START Dataset extract

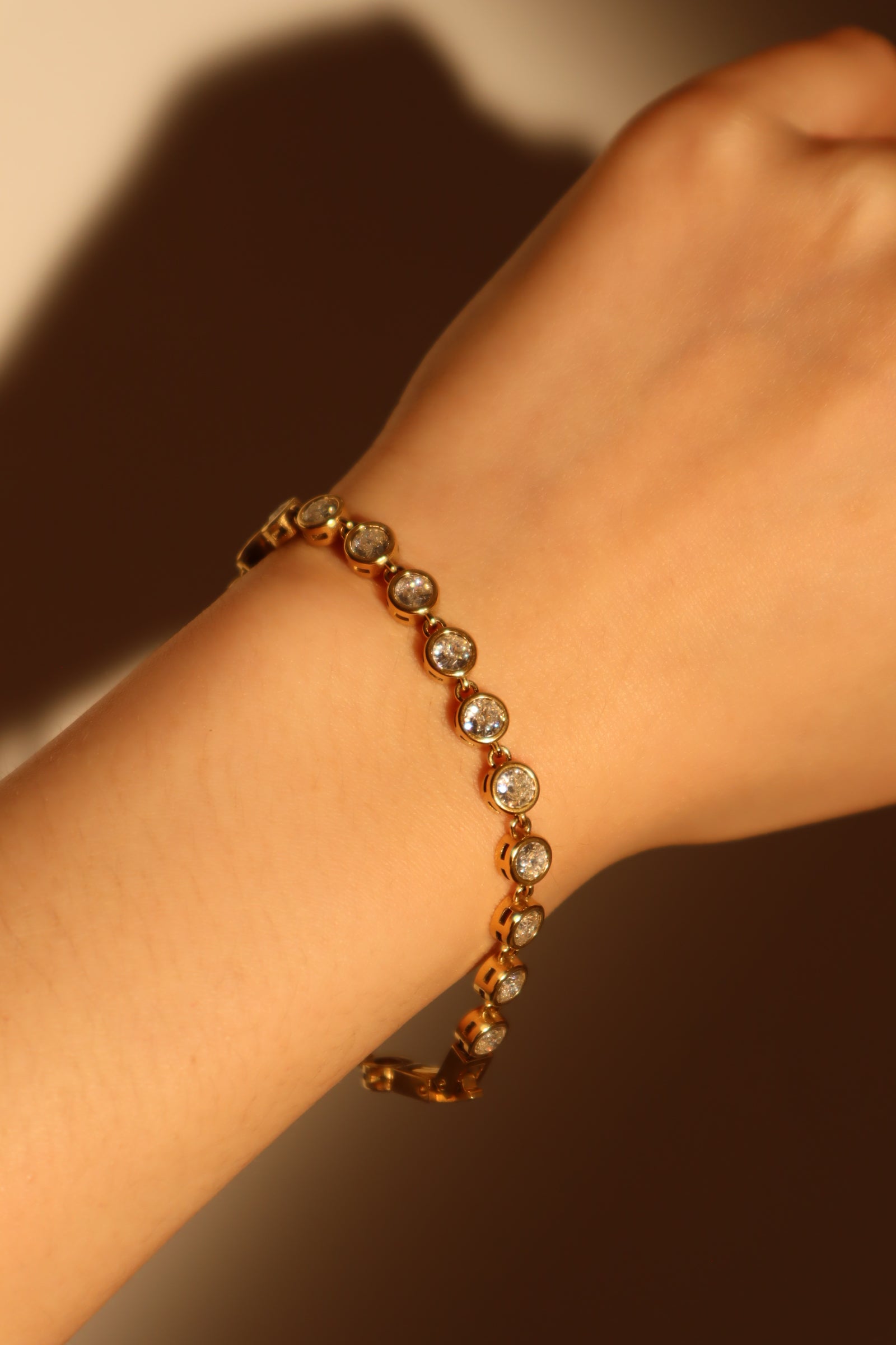 Flicker goodbye to dullness and stand out in our 18K Gold Stainless Steel Multi Diamond Bracelet. With the proper lighting, the zirconia diamonds add a pop of shine to your ensemble. This unique bracelet makes your outfit stand out and is also a great gift for her or him.
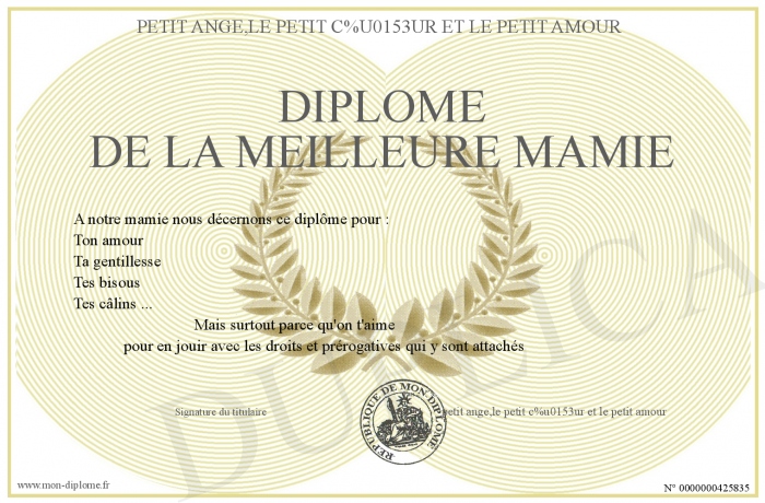 Envoyez par email votre Diplôme de la meilleure mamie personalisé
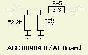 Naar mijn smaak was de werking van de (hang) AGC te traag en dat werd verbeterd door het ontladen van een condensator te versnellen met een kleinere weerstandswaarde op print IF/AF Board (80984). Het gemakkelijkste gaat dat door parallel aan R46 (10 M?) een weerstand van 2.2 M? te monteren. Eventueel kunt u ook R46 verwijderen en dan vervangen door 1.8 M?.
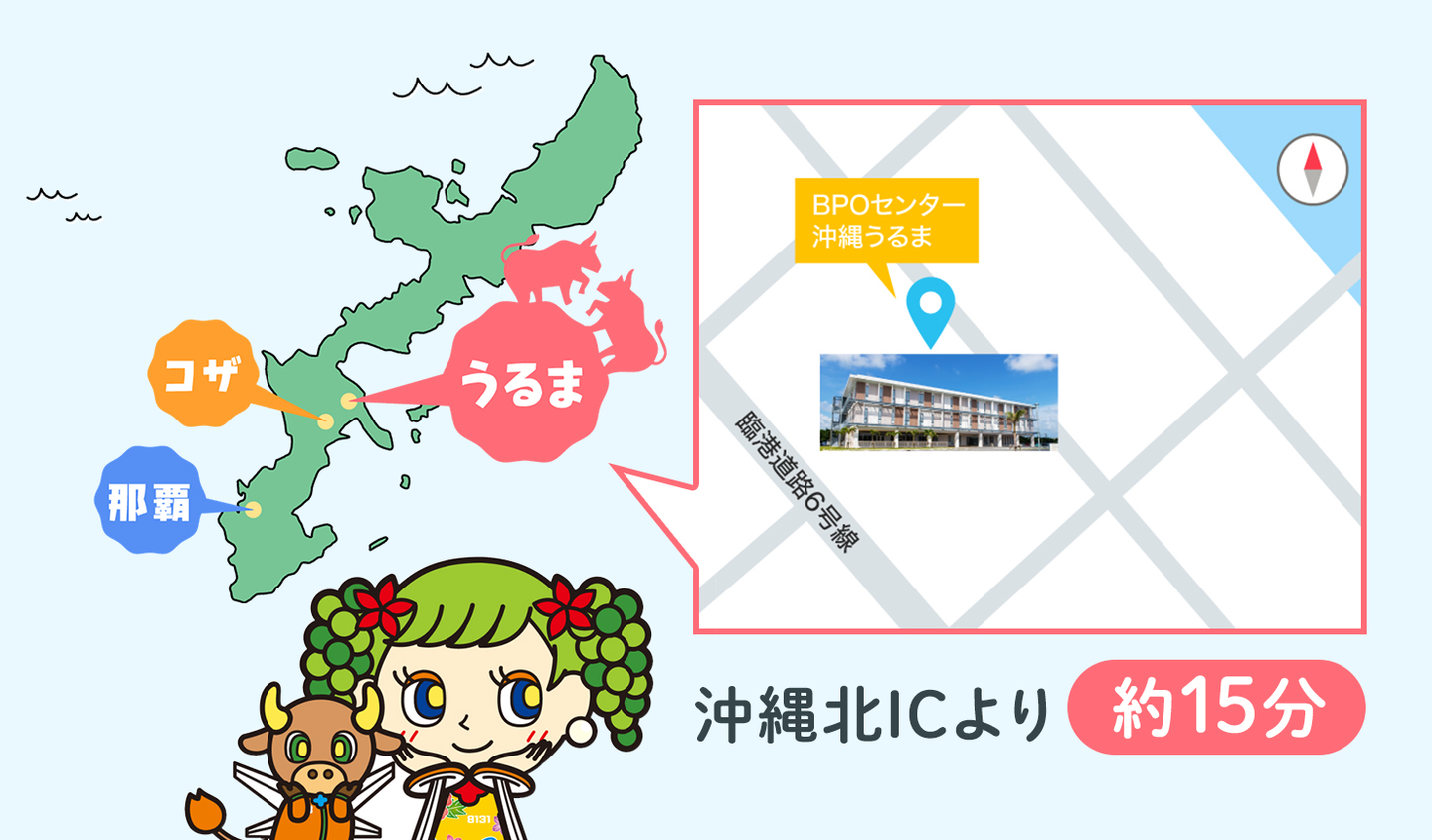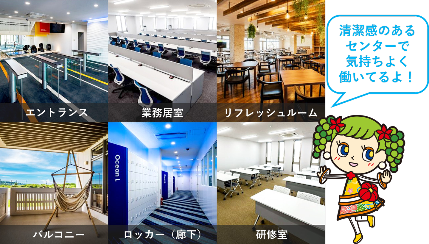 はいたい!ぐすーよー、ちゅーうがなびらー!(訳:こんにちは!ご機嫌いかがですか!)ETS採用課の福澤です🌞今回は、沖縄県うるま市にある「BPOセンター沖縄うるま」のご紹介をさせていただきます!私も約1年間在籍したことがあり、キレイなオフィスと穏やかな現地メンバーの皆様と過ごした思い出深いセンターです!昼休憩時にセンター裏の海で釣りをしてるメンバーがいたのが衝撃でしたね🎣(笑) 是非たくさんの人に知ってもらいたい素敵なオフィスなので、最後までお読みいただけると嬉しいです!TOP画像にも登場していますが、沖縄うるまセンターのマスコットキャラクター「ケラミィ」と「カウル」も以後お見知りおきください👧🐄
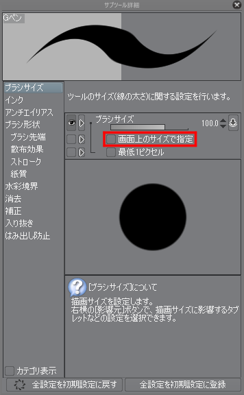 キャンバスをズームイン/ズームアウトした際、ブラシサイズが変わってしまいます。 拡大して描く際に、毎回ブラシサイズを手作業で調整しないといけないので困っています。 改善方法の見当がつかず投稿させて頂きました。 お手数ですが、ご教授いただけないでしょうか。 よろしくお願いいたします。 ------------------------------------------------------------ ■バージョン:1.6.4 ※Windowsは、[ヘルプ]メニュー → [バージョン情報]で確認できます。 ※MacOSXは、[CLIP STUDIO PAINT]メニュー → [バージョン情報]で確認できます。 ■グレード DEBUT( ) comico( ) PRO( ) EX( ○ ) ■OS Windows XP( ) Windows Vista( ) Windows 7 ( ) Windows 8( ) Windows 8.1( ) Windows 10( ) MacOS X 10.5( ) MacOS X 10.6( ) MacOS X 10.7( ) MacOS X 10.8( ) MacOS X 10.9( ) MacOS X 10.10( ) MacOS X 10.11( ) mac OS 10.12( ○ ) その他( ) ------------------------------------------------------------ |
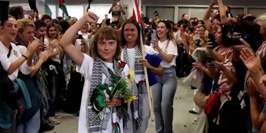 ဂါဇာကို ပင်လယ်ရေကြောင်းကနေ အကူအညီပေးဖို့ ကြိုးစားတဲ့ ရေယာဉ်အုပ်စုနဲ့ လိုက်ပါလာခဲ့တဲ့ နာမည်ကျော် ရာသီဥတုအရေးလှုပ်ရှားသူ ဆွီဒင်နိုင်ငံသူ ဂရီတာသန်းဘာ့ဂ် အပါအဝင် တက်ကြွလှုပ်ရှားသူ ၁၇၀ ကို အစ္စရေးက နှင်ထုတ်လိုက်ပါတယ်။
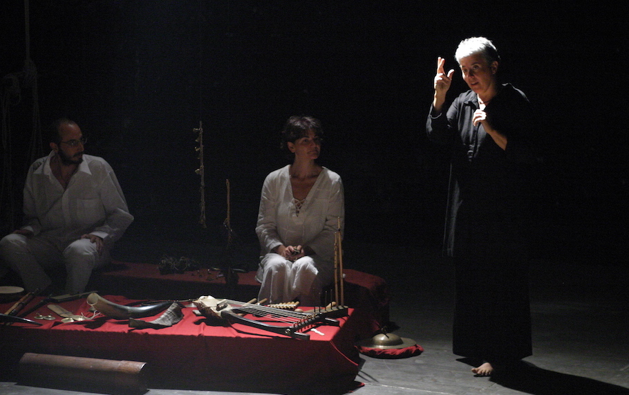 Lo spettacolo che viene sviluppato in modo orale, cioè perfezionato ogni sera attraverso l’esperienza stessa del narrare, punta sul contatto diretto con il pubblico e, intrecciando miti e timbri arcaici, a tratti in modo poetico e profondo a volte più ironico, divertente o decisamente comico, induce al risveglio di un senso d’ identità e d’appartenenza di cui sentiamo il bisogno.

END Dataset extract

**What you are asked to do:**
Only one thing is wanted here, an exact copy of the lines from the first line above through the line containing "はいたい!ぐすーよー、ちゅー", minus any picture.

**Your response:**
 Flicker goodbye to dullness and stand out in our 18K Gold Stainless Steel Multi Diamond Bracelet. With the proper lighting, the zirconia diamonds add a pop of shine to your ensemble. This unique bracelet makes your outfit stand out and is also a great gift for her or him.
 Envoyez par email votre Diplôme de la meilleure mamie personalisé
 Naar mijn smaak was de werking van de (hang) AGC te traag en dat werd verbeterd door het ontladen van een condensator te versnellen met een kleinere weerstandswaarde op print IF/AF Board (80984). Het gemakkelijkste gaat dat door parallel aan R46 (10 M?) een weerstand van 2.2 M? te monteren. Eventueel kunt u ook R46 verwijderen en dan vervangen door 1.8 M?.
 はいたい!ぐすーよー、ちゅーうがなびらー!(訳:こんにちは!ご機嫌いかがですか!)ETS採用課の福澤です🌞今回は、沖縄県うるま市にある「BPOセンター沖縄うるま」のご紹介をさせていただきます!私も約1年間在籍したことがあり、キレイなオフィスと穏やかな現地メンバーの皆様と過ごした思い出深いセンターです!昼休憩時にセンター裏の海で釣りをしてるメンバーがいたのが衝撃でしたね🎣(笑) 是非たくさんの人に知ってもらいたい素敵なオフィスなので、最後までお読みいただけると嬉しいです!TOP画像にも登場していますが、沖縄うるまセンターのマスコットキャラクター「ケラミィ」と「カウル」も以後お見知りおきください👧🐄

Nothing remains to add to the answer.